Obviously, this is a very unbalanced data set. After stratification the samples frequencies are much more balanced:

>>> stratified = samples >> Stratify(labelcol, labeldist) >> Collect()
>>> print(stratified >> CountValues(labelcol))
{'good': 10, 'bad': 9}

Stratify() requires the label distribution of the unbalanced data set as input and down-sampling is based on the sample frequencies in labeldist. If the label distribution is known upfront, it can provided directly and there is no need to call CountValues().

Note

Stratify() randomly selects samples but does not change the order of samples. Use Shuffle to ensure random ordering, e.g. Stratify() >> Shuffle(1000) >> Collect().

Splitting and stratifying

In this example we combine loading, splitting and stratification of sample data. We take only 120 of the 150 samples of the Iris flower data set to create an artificially unbalanced sample set:

>>> filepath = 'tests/data/iris.csv'
>>> train, test = ReadPandas(filepath) >> Take(120) >> SplitRandom(ratio=0.7)
>>> labelcol = 4
>>> train >> CountValues(labelcol)
{'Iris-versicolor': 33, 'Iris-setosa': 35, 'Iris-virginica': 16}

Next we stratify and shuffle the training data:

>>> labeldist = train >> CountValues(labelcol)
>>> train >> Stratify(labelcol, labeldist) >> Shuffle(100) >> CountValues(labelcol)
{'Iris-setosa': 23, 'Iris-virginica': 16, 'Iris-versicolor': 16}

As you can see, the training data is now balanced again. Shuffle(100) loads 100 samples in memory and shuffles them to perform a (partial) randomization of the sample order. Typically we would perform stratification and shuffling in the training loop. Here a template example:

train, val, test = ReadPandas(filepath) >> SplitRandom((0.8, 0.1, 0.1))

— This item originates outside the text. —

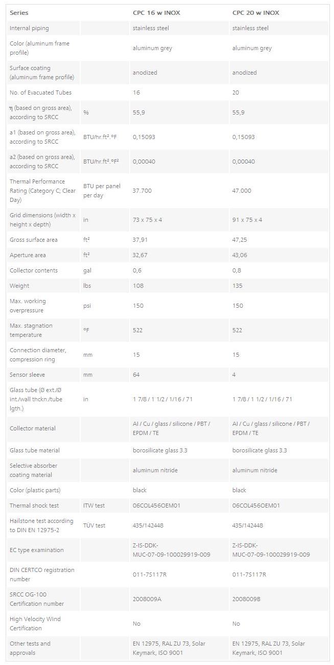 Ritter - Model CPC 6 OEM / INOX / XL INOX -Evacuated Tube Collector

for epoch in range(EPOCHS):
    accuracy = (train >> Stratify(labelcol, labeldist) >> Shuffle(100) >>
                build_batch >> network.train() >> Mean())

Note that SplitRandom() creates the same split every time it is called, while Stratify() will down-sample randomly. This ensures rerunning a training operates on the same training and test data but in the training loop stratification and shuffling randomizes the order of samples. This is usually what you want but you can provide random number generators with specific seeds to change this default behavior.

For the building of batches and network training see the later sections of the tutorial.